Living in a flat country, the size of the state of New York, I think you are naturally drawn to mountains and intrigued by open spaces and long distances. Fascinated by the grandness of the American Rockies and the sense of no-man's land in the West, our yearning for Yellowstone was long overdue. We were dreaming of Yellowstone but ended up finding so much more.

Our route would take in Utah, Wyoming, Montana, and Idaho, covering paved and dirt roads, small tracks, and sand – all the while surrounded by stunning scenery. So, in late September, we left Copenhagen, Denmark for Salt Lake City in the north of Utah, dreaming of Yellowstone. We spent eight days riding a loop route that exited Utah at the east, crawled up through Wyoming, showcased the Grand Teton and Yellowstone National Parks, cut out a corner of Montana, and slid down through the plains of Idaho back to Salt Lake. We rode 1.325 kilometres (830 miles) for more than 50 hours. We sought out peaks of 2.500 metres (8.200 feet); found solitude on backcountry roads; greeted bears, bison, and elk; and experienced the hospitality of the people of the American West. Transcending dreams, this was our Yellowstone Adventure.

Our first dose of Americana came quickly. We were greeted at Denise's Home Plate, a small diner in the heart of Coalville, Utah, with cheerful spirits and double cheeseburgers. "Where y'all headed on those bicycles?" asked a fellow customer, glancing at all our clothes hanging out to dry. “Yellowstone," was our humble answer, “and back. By Friday." We finished with cheeky smiles. Laughed out of the door with the blunt response that we were never going to make that, we were filled, not only with cheeseburgers but the feeling of determination. We were heading to the Rockies, bears and bison in sight.

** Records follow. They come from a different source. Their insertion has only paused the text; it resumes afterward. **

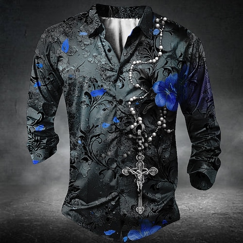 Herren Templer Kreuz Romantisch Rose Hemd Knopfhemd Langarm Dunkler Gothic-Stil Ferien Streetwear Sommer Frühling Umlegekragen 3D-Druck Hemden mit Kragen Rote Blau Purpur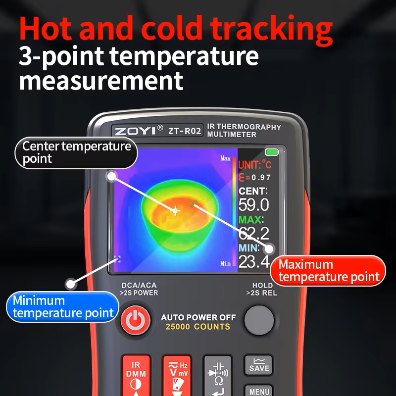دوربین حرارتی ZT-R02 دارای وضوح 96×96 پیکسل و قابلیت اندازهگیری دما در بازهٔ -۲۰ تا ۵۵۰ درجه سانتیگراد است. این ویژگی امکان شناسایی سریع تر نقاط داغ، اتصالات ضعیف، اضافهبار یا حرارت غیرعادی در تابلو برق، موتورها یا گرمای غیر عادی قطعات الکترونیکی را فراهم میسازد.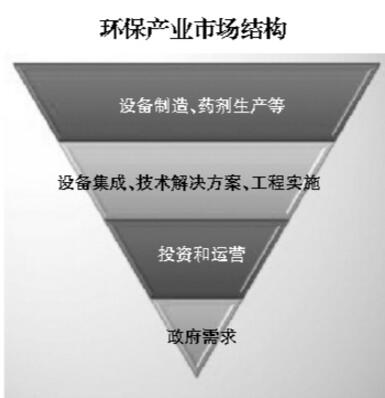 第一,以政府需求為主的市場結構呈現(xiàn)倒三角形。倒三角形最上層是數(shù)量眾多且以民營企業(yè)為主的設備制造、藥劑生產(chǎn)等上游環(huán)節(jié);中間層是數(shù)量中等,也以民營企業(yè)為主的設備集成、技術解決方案、工程實施等中游環(huán)節(jié);最底層是數(shù)量最少以國有企業(yè)為主、從事投資和運營業(yè)務的下游環(huán)節(jié)。這一倒三角市場結構的支點是政府環(huán)境治理需求,這樣的市場結構往往經(jīng)不起“風吹草動”。只有政府需求端變寬一點,比如出現(xiàn)深度處理需求,才能促使企業(yè)形成差異化格局,衍生出不同發(fā)展路徑。

We found ourselves riding frequently in rain, snow, and headwinds, yet we were met with smiles and warmth wherever we roamed. After a particularly heavy storm on our second day, a local farmer pulled over and explained to us how there was no way to get through the mud awaiting us. We placed our bikes in the back of a horse carriage and took a seat in the back of a pickup truck. The bumpy ride to Cokeville, Wyoming was filled with friendly chats with some kind folks from the Church of Jesus Christ of Latter-day Saints, whose warm hospitality saved our ride by offering us and the bikes a ride to Afton to keep us on schedule.

As we pushed further from civilization, the roads were surrounded by open, dry land, with bullet holes in every sign. There were never-ending blue skies above carless roads that evoked a true feeling of solitude and calm amongst the sheer size of the American West. Of course, riding in the wide emptiness comes with challenges, like the day the pavement ended and a 160-kilometre gravel grind to Rexburg, Idaho was interrupted only by discovering the one resupply point en route was closed for the day. Two bottles and three Clif Bars really aren't enough to tame the Wild West!

Eventually, the endless horizons were tamed by the Yellowstone Grand Canyon. Despite our heightened expectations, the grandness of it still floored us. The contrast of towering heights and wide-open spaces reminded us that nothing in America is small! As we moved north through the park, crossing Hayden Valley, we finally got a peek at bison and bears. A mere 15 metres off the road, a grizzly was just hanging out. Further down the road, bison were grazing along the river. Speechless, and constantly on the lookout for wildlife, we had never ridden better miles on the bike.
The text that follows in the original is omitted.